Meet THAAD. No, it's not a person.

On Sunday, July 30, the U.S. conducted a successful test of its Terminal High Altitude Area Defense (THAAD) system in Alaska, according to what military officials told NBC News. THAAD is designed to intercept short, medium, and intermediate-range ballistic missiles, not ICBMs. During the test, a U.S. Air Force plane launched a ballistic missile over the Pacific Ocean and the system intercepted it. This test occurred shortly after North Korea tested an ICBM theoretically capable of reaching targets in the mainland U.S.

On Tuesday, Aug. 8, it was reporteded North Korea had made great strides toward producing missile-ready nuclear weapons, including ICBM-class missiles. This suggests North Korea isn't that far away from producing a nuclear weapon that could reach the continental U.S.

In response to these developments, President Donald Trump said North Korea would be met with "fire and fury" if it continued to threaten the U.S. Subsequently, North Korea announced it was considering a strike against the U.S. territory of Guam. According to NBC, the U.S. has THAAD interceptors in Guam (as well as South Korea) that are meant to stop a missile attack from a country like North Korea.

The U.S. could potentially stop an ICBM as well.

The U.S. has developed the Ground-based Midcourse Defense (GMD) system to defend against ICBMs.

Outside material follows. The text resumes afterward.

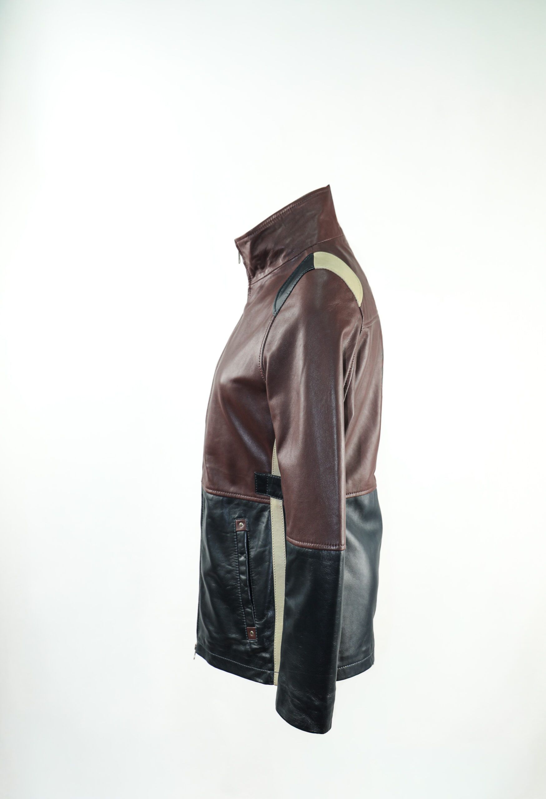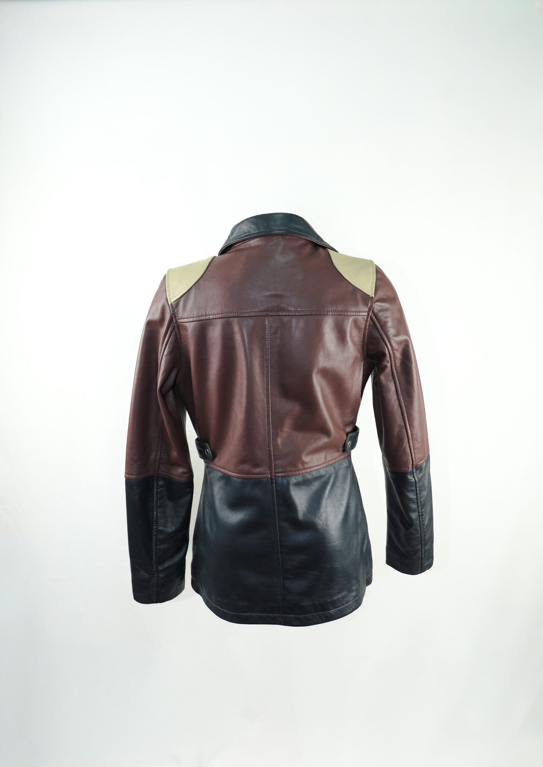 Confeccionada artesanalmente, cada prenda es el resultado de un proceso lento y consciente, donde la piel se trabaja con respeto y las costuras se ejecutan con precisión. La combinación de pieles teñidas a mano convierte cada chaqueta en única, con matices que la hacen irrepetible.

In May, the GMD system successfully intercepted an ICBM. According to ABC News, the ground-based interceptor launched from Vandenberg Air Force Base in California and intercepted an ICBM-target launched from the Ronald Reagan Ballistic Missile Defense Test Site on Kwajalein Atoll in the Marshall Islands, 4,200 miles away. This was impressive, but, according to The Atlantic, the GMD system has only achieved 55 percent success rate so it's not entirely reliable.

Beyond the GMD system, the U.S. is also reportedly developing laser technology that could stop an ICBM, The National Interest reports. The hope is to arm drones with these lasers and stop ICBMs before they're even in the air, but the military is still working on a laser that's powerful enough to take out an ICBM but also small enough to fit on a drone.

To summarize: The U.S. can feel safe in defending itself and its allies from missiles launched across a short distance, but it's yet to develop a completely dependable technology to defend against ICBMs. The comforting news here is that North Korea has also yet to develop the technology that could see an ICBM armed with a nuclear warhead successfully strike the U.S. Let's just hope the U.S. comes up with something more consistent by the time it does.